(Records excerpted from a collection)
━━━

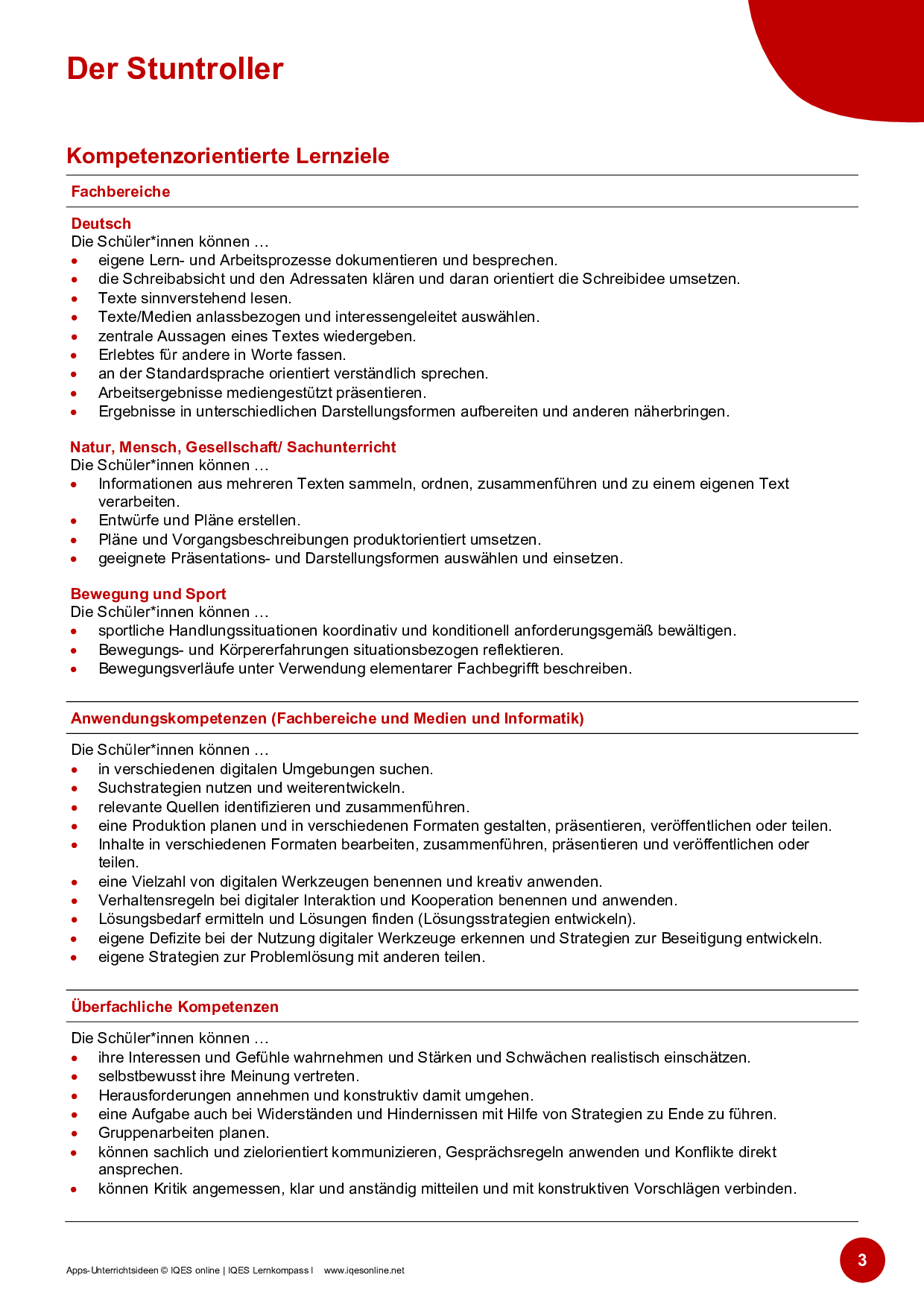 - aktuelle Medien ziel- und zielgruppengerecht nutzen, um ihre Gedanken und ihr Wissen vor Publikum zu präsentieren oder einer Öffentlichkeit verfügbar zu machen (Zyklus 3).
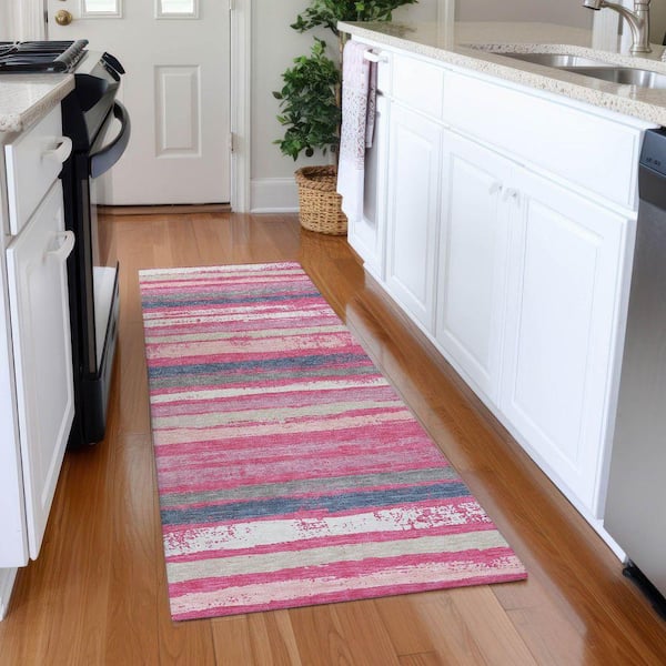 Mayfield Premium Machine Washable Abstract AMF1019 Pink 2 ft. 3 in. x 7 ft. 6 in. Runner Rug
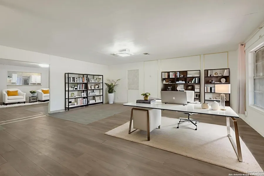 Great investment or fixer-upper opportunity! 3-bedroom, 2-full bath, 2-powder room home with an open-concept layout and multiple living areas, including a flex space perfect for an office or formal dining. Kitchen features stainless steel appliances and a refrigerator that will stay. The water heater was replaced in 2014. One-car garage with an extended covered driveway provides plenty of parking for multiple vehicles. Seller has indicated the oversized lot has been platted for the backyard area, allowing a future owner the potential to build an additional home or structure of approximately 1,035 sq. ft. (documentation pending; buyer to verify). Solar panels are fully paid off, offering energy savings from day one. SELLING AS IS, foundation and other repairs needed. Prime location near Lackland AFB, highways, schools, and shops. Seller is motivated and ready for a quick close.
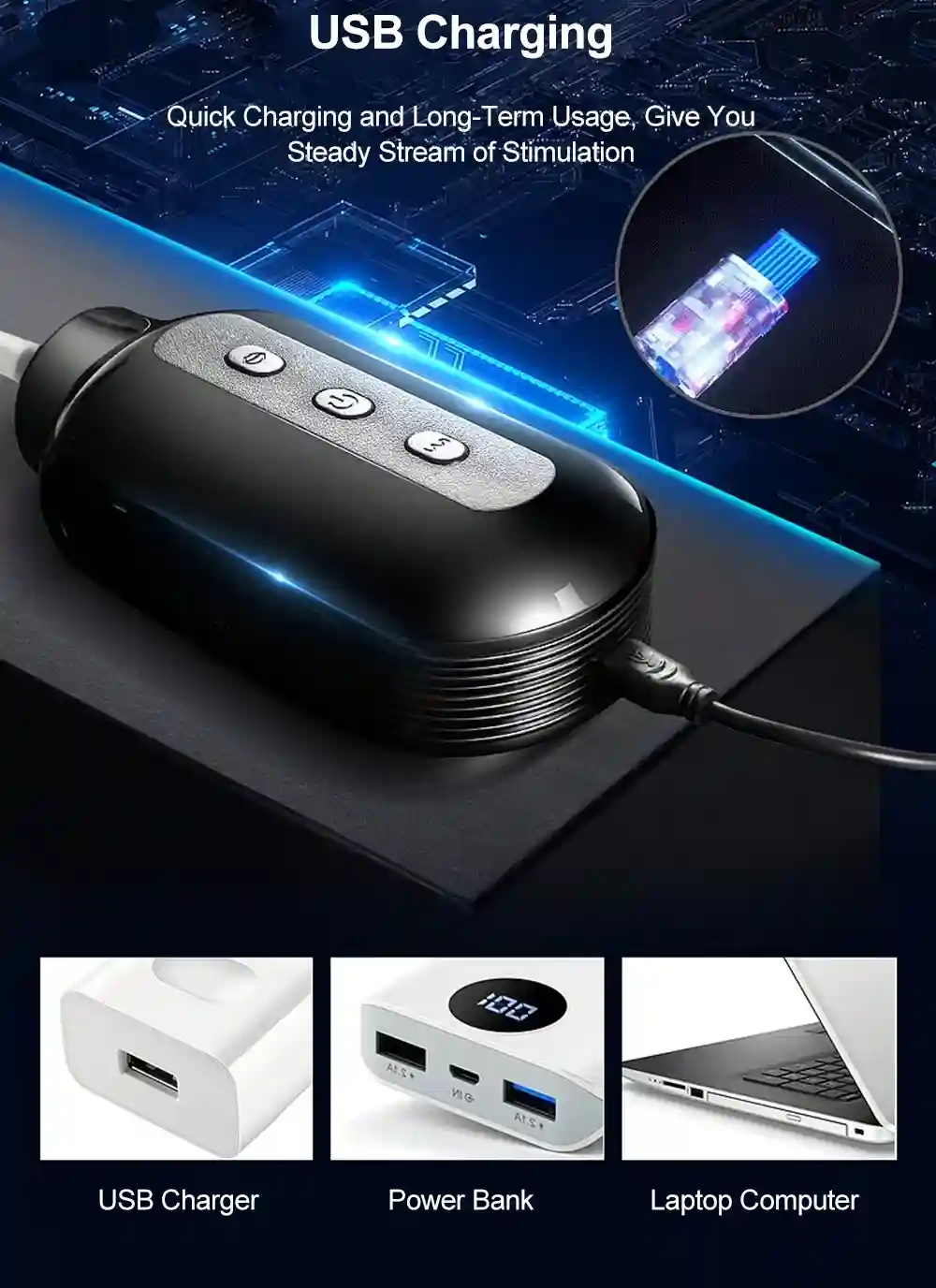 Is This Sucking Masturbator Rechargeable or Battery-Powered? Built-in high-capacity USB rechargeable battery, 60 minutes charge gives 90 minutes non-stop play, no more dead batteries.
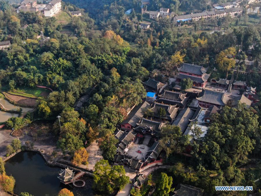 Aerial photo shows a view of the Dazu Rock Carvings scenic area at Dazu District of southwest China's Chongqing Municipality on Nov. 12, 2020. The scenic spot has seen an increasing number of tourists since its reopening in June, with some 2,000 a day. More than 50,000 individual rock carvings lie in the grottoes of Chongqing's Dazu District. The carvings date from the 9th to 13th centuries and entered on the World Heritage List by the United Nations Educational, Scientific and Cultural Organization in 1999. (Xinhua/Liu Chan)
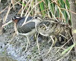 Bustards are large terrestrial birds mainly associated with dry open country and steppes in the Old World. They are omnivorous and nest on the ground. They walk steadily on strong legs and big toes, pecking for food as they go. They have long broad wings with "fingered" wingtips and striking patterns in flight. Many have interesting mating displays.
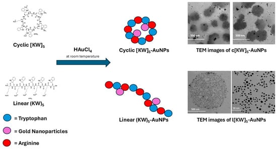 This class of peptides showed that cyclic peptides behave differently in producing and stabilizing nanoparticles, and their ability to cross the cell membrane was found to be different. TEM data showed that the morphology of linear peptide containing lysine and arginine-AuNPs is visually distinct from that of their cyclic peptide-AuNP counterpart (Figure 3).
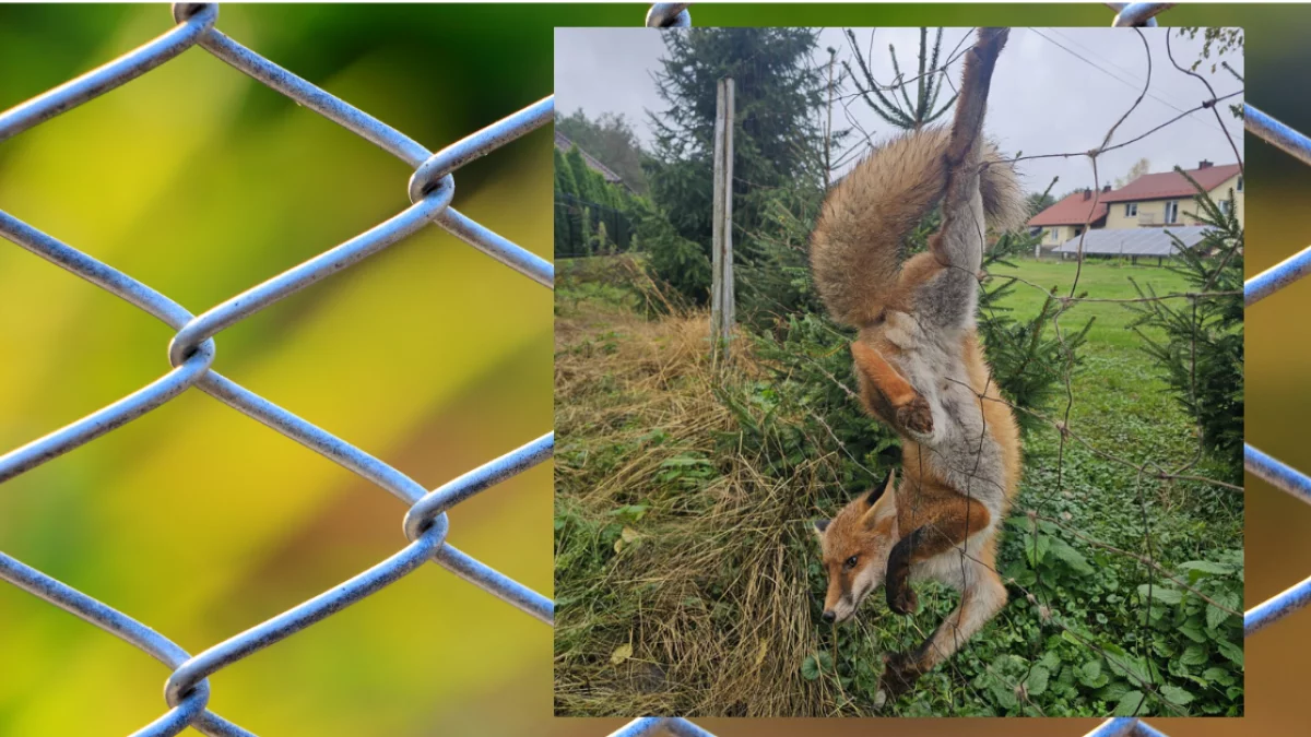 Po przyjeździe okazało się, że lis zaplątał się w metalowe oczka ogrodzenia i nie był w stanie się uwolnić. Każda próba wydostania się tylko pogarszała sytuację – zwierzę było wyraźnie wyczerpane i zdezorientowane.

━━━

#### [WORK REQUEST]
All lines from the start of the entries above through the line containing "Mayfield Premium Machine" are to be given again exactly; the pictures are not.

#### [FINISHED TASK]
 - aktuelle Medien ziel- und zielgruppengerecht nutzen, um ihre Gedanken und ihr Wissen vor Publikum zu präsentieren oder einer Öffentlichkeit verfügbar zu machen (Zyklus 3).
 Mayfield Premium Machine Washable Abstract AMF1019 Pink 2 ft. 3 in. x 7 ft. 6 in. Runner Rug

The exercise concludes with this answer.